Tuesday, January 21, 2014




Confusing Kwanzaa and Hanukkah

In his annual war on the "war on Christmas," Fox News' Bill O'Reilly accurately noted Macy's department store promotes Santa Claus as emblematic of the holiday. Then, however, he wrote

What holiday is Santa celebrating? Winter solstice, the birthday of a reindeer -- what? On the national front, there are three primary culprits seeking to diminish Christmas, the American Civil Liberties Union, the Freedom from Religion Foundation and the American Humanist Association. The most aggressive is the Freedom from Religion Foundation, which routinely threatens to sue small towns and school districts if they dare utter the word "Christmas" or allow choirs to sing carols in public schools.

O'Reilly leads the cable network's war on the War on Christmas while some of his colleagues exploit Christianity to cloak an anti-Obama, anti-liberal bias without rational basis, reflecting the perspective of founder and chairman Roger Ailes.
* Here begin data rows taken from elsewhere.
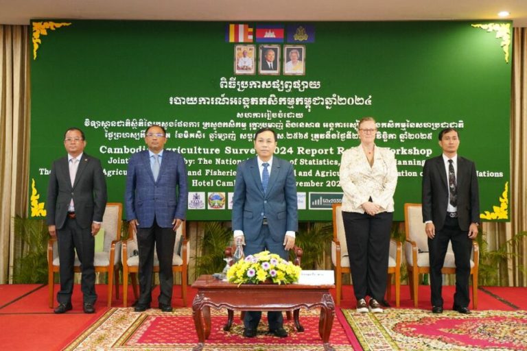 (រាជធានីភ្នំពេញ)៖ នាព្រឹកថ្ងៃទី២៧ ខែវិច្ឆិកា ឆ្នាំ២០២៥ នៅសណ្ឋាគារកាំបូឌីយ៉ាណា ឯកឧត្តម ប៊ិន ត្រឈៃ រដ្ឋមន្ត្រីក្រសួងផែនការ អញ្ជើញជាអធិបតីភាពដ៏ខ្ពង់ខ្ពស់ក្នុងពិធីប្រកាសផ្សព្វផ្សាយរបាយការណ៍អង្កេតកសិកម្មកម្ពុជាឆ្នាំ២០២៤ ដោយមានការអញ្ជើញចូលរួមពីឯកឧត្តម រិន វីរៈ រដ្ឋលេខាធិការក្រសួងផែនការ និងជាប្រធានក្រុមប្រឹក្សាភិបាលវិទ្យាស្ថានជាតិស្ថិតិ លោកស្រី Rebekah Bell នាយិកាអង្គការស្បៀង និងកសិកម្មនៃសហប្រជាជាតិ (FAO) ប្រចាំកម្ពុជា ឯកឧត្តម លោកជំទាវ លោក លោកស្រី តំណាងក្រសួង ស្ថាប័ន ដៃគូអភិវឌ្ឍ ភ្ញៀវជាតិ និងអន្តរជាតិ អញ្ជើញចូលរួម។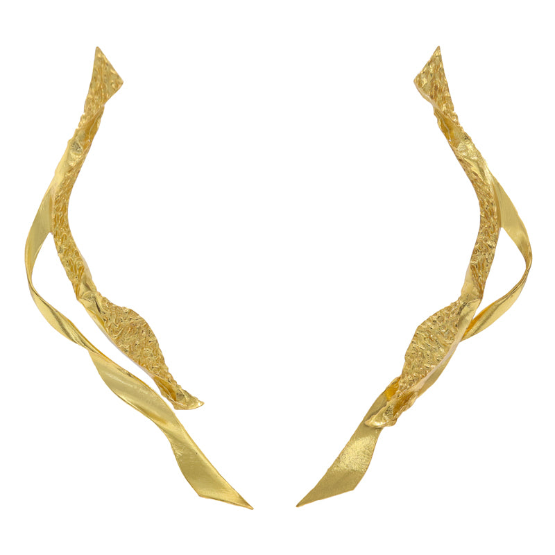Pendientes en forma de línea aplanada y retorcida que trepa un poco por la oreja a la vez que cae su otro extremo. Un modelo de corte super actual perfecto si quieres romper con las lineas clásicas de tus looks más especiales de invitada o para eventos. Atrévete con ellos también para looks más informales y aporta un toque de luz y brillo que no pasará desapercibido.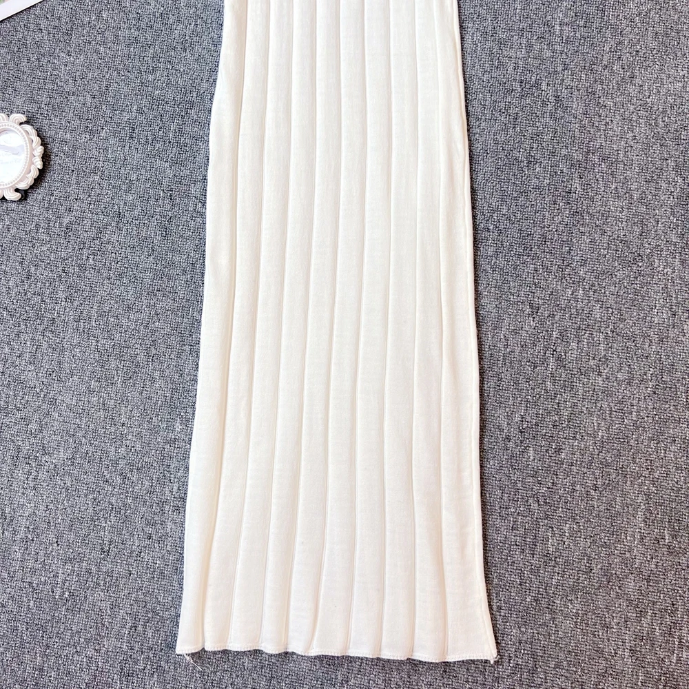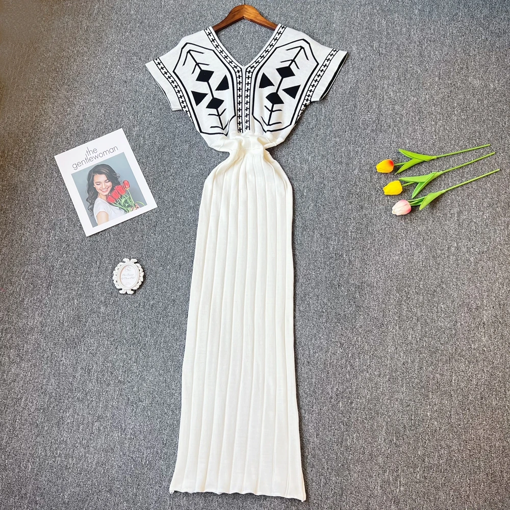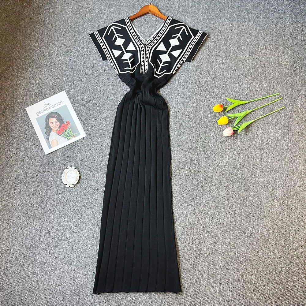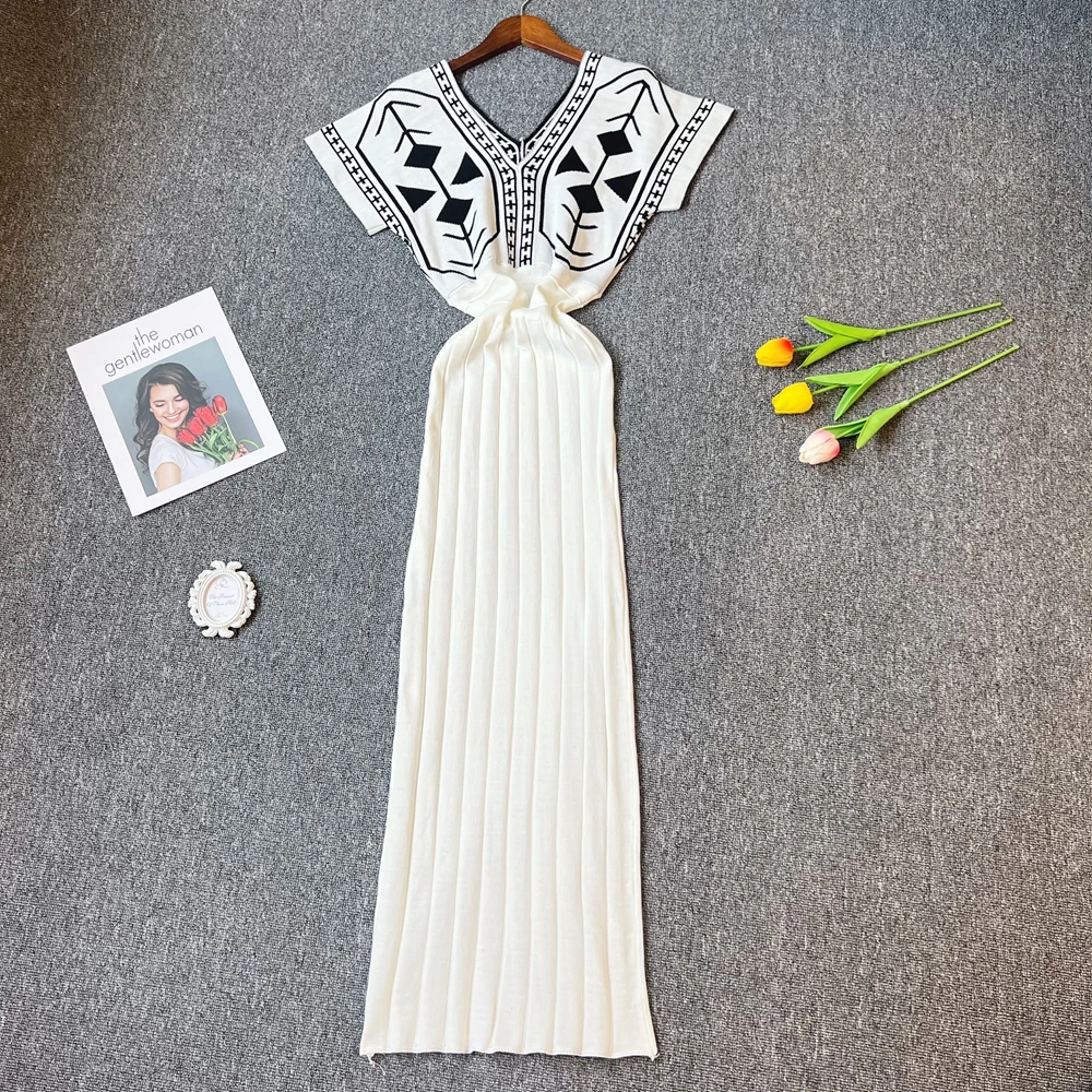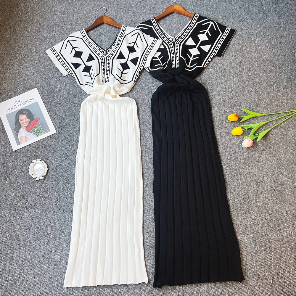 New York’s Fashion Chic Fashion Wrap Hips Vintage Knitted Maxi Dress 2025 Summer Women V-neck Slim Waist Harajuku Pleated Sweater Dress
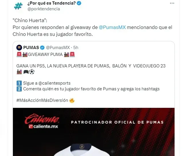 En la cuenta oficial del equipo de la Universidad Nacional Autónoma de México (UNAM) se compartió una promoción para los fans.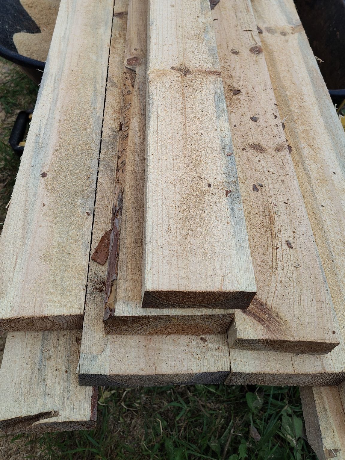When you’re going through your lumber piles and find some thicker timbers or beams (without nails!) that have dried or warped in challenging ways, keep in mind that re-sawing them is a way to put them back to use. Check out our Custom Milling page for more information.

In his highly critical "The Loudest Voice in the Room," Gabriel Sherman describes one of the earliest exchanges between Ailes and fellow Putnam County and Garrison, NY resident Gordon Stewart, revelatory of the (sarcasm alert) tolerance of the the most powerful person in television news:

In 2005, after living many years on the Upper West Side of Manhattan, Stewart and his wife bought a place in Garrison. They looked forward to watching their young adopted daughter run in the backyard and swim in their pool. Stewart often dropped by Pete’s Hometown Grocery on Main Street to pick up a copy of the PCN&R. Reading the articles each week, he did not at first see glaring signs of right-wing agitprop. He especially liked the paper’s tough coverage of a contract dispute at the local school board. Shortly after Stewart gave a quote to the PCN&R criticizing the Garrison school, he bumped into Ailes in Manhattan at lunchtime at Michael’s, a restaurant frequented by media executives. “We gotta get together on this, that school sucks!” Ailes said to him.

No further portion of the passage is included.